Iman itu apa bentuk kalimatnya? Fa inna imaana. Iman itu apa bentuk kalimatnya. Mashdar betul.. apa fi'ilnya? apa fi'il madhinya? aamana. Apa Mudhore'nya? Yu-minu. Aamana itu tsulatsi mujarrod atau mazid? tsulatsi mazid, berapa huruf? satu huruf. Bab yang keberapa? yang pertama. Pertanyaanya kenapa jadi AAmana. Bukankah timbanganya af'ala, aslama misalnya, kok menjadi Aaamana? Pada dasarnya dia a-mana. Hamzah itu dimatikan, disukunkan. Tetapi, ketika hamzah itu apa istilahnya, dia dilembutkan di talyinkan. Dia dilandaikan, aamana. Begitu, aslinya? A-mana - yu-minu i-maanan. Itu aslinya, tapi kemudian mengalami idhgom. 


Al Muqollid, apa shighotnya al muqollid? isim fa'il. Coba nanda, bagaimana cara membentuk isim fa'il dari sebuah fi'il. Bagaimana cara membentuk isim fa'il. Isim fail itu, isim yang menunjukkan kepada apa? Pelaku. Kalau untuk tsulatsi mujarrod, maka isim failnya cukup kita bentuk dalam wazan faa'ilun. Maka kataba menjadi? kaatibun. qoro-a menjadi? qooriun. Yang penting harus dalam bentuk, dalam wazan faa'ilun. Tapi kalau fi'il itu fi'il tsulatsi mazid, maka membentuk isim failnya berangkat dari bentuk mudhore'nya dulu. Muqollid itu apa fi'il madhinya? Qollada yuqollidu, taqliidan. Taqlid itu mashdarnya. Dari yuqollidu, kita buat menjadi, kita buang huruf mudhoroahnya, Ditambah dengan mim, yang berbaris di depan, dhommah. Dan dikasrohkan huruf yang sebelum akhir. Jadi? muqollidun. Itu langkah2 membuat isim fail dari tsulatsi mazid. Ini hanya untuk sekedar menyegarkan saja, apa yang nanda pelajari di sekolah. 


Jadi inti dari halaman ini adalah seorang pencari ilmu, tholibul ilmi, sebelum memulai untuk belajar.

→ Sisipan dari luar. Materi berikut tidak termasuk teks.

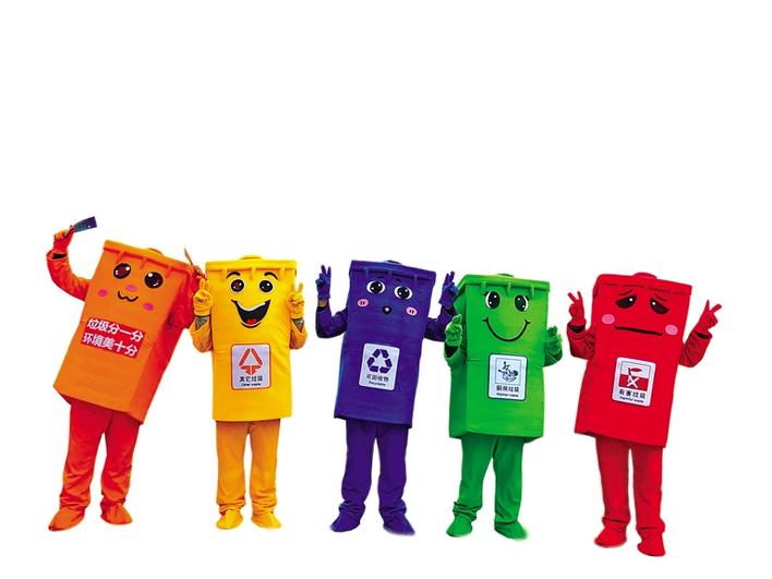 5個(gè)宣傳垃圾分類的卡通人偶。本版資料圖片均由記者 央金 攝
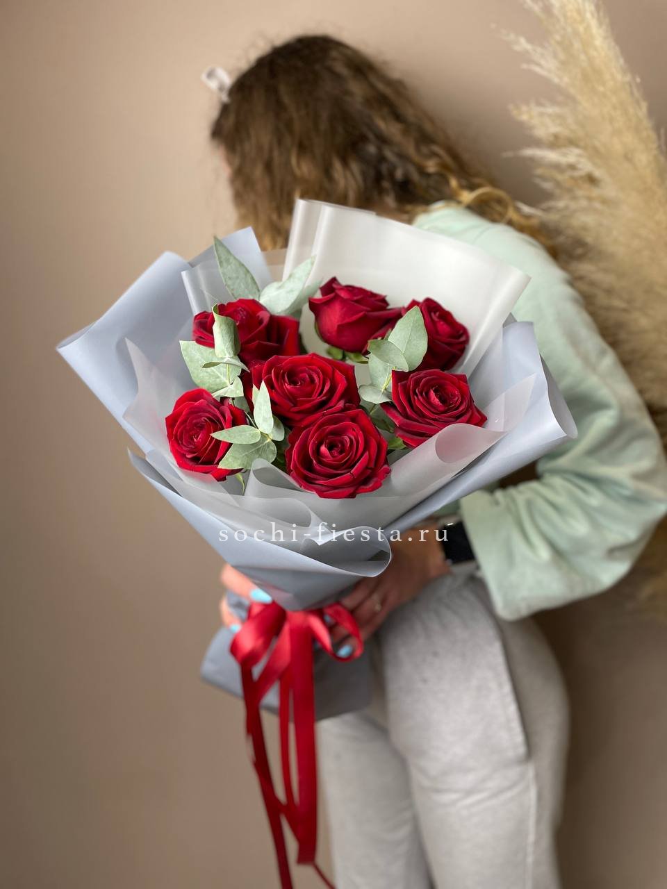 7 красных роз, эвкалипт, упаковка, лента. Данная цена доступна при единовременном заказе от 10 шт.
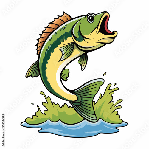 Obraz premium Jumping Fish Vector: Freshwater Fishing and Nature Illustration"

Semestinya sebelum memulai untuk belajar, harus menentukan apa cabang ilmu yang akan dikajinya. Cari, tentukan ilmu terbaik yang akan kita kaji. Sehingga sesuai antara ilmunya bagus, kita pun suka. Dua itu diperlukan, kesukaan, dan juga ilmunya itu juga bagus. Kemudian nanti pilih juga siapa? gurunya. Ini juga, sekarang orang juga sudah mulai jarang jadi pertimbangan. Orang ketika memilih sekolah apa yang dipertimbangkan? Ya seperti akreditasinya apa? Kemudian mengenai biaya, kelengkapan fasilitas, Tapi masih ada orang yang mulai mempertimbangkan? siapa guru2 yang ada disana? kita mulai jarang. Padahal perspektif para ulama, sebelum menentukan tempat belajar, yang paling penting itu lihat dulu siapa? gurunya. Kenapa? karena pada akhirnya, seorang murid akan mencontoh gurunya. Dia akan dipengaruhi oleh gurunya. Maka kalau salah2 guru, ya tidak bagus hasilnya, meskipun tempatnya bagus. Jadi tentukan ilmunya dulu, apa yang akan dipilih, dan dahulukan mengkaji ilmu tauhid. Karena itu ilmu yang pondasi, ilmu yang pokok, tentang bagaimana kita mengesakan Alloh. Dan jangan mencukupkan dengan taqlid saja. Dengan apa yang sudah kita terima dari orang tua. Fikirkan juga, apa dalilnya, apa argumentasinya, tentang wujudulloh. Lalu utamakan ilmu2 yang sudah lama, yang sudah dikaji sejak dahulu, sampai sekarang. Dan jauhi ilmu2 yang baru2, dalam masalah keislaman tentunya. Untuk masalah duniawi, silahkan yang baru2 dikaji. 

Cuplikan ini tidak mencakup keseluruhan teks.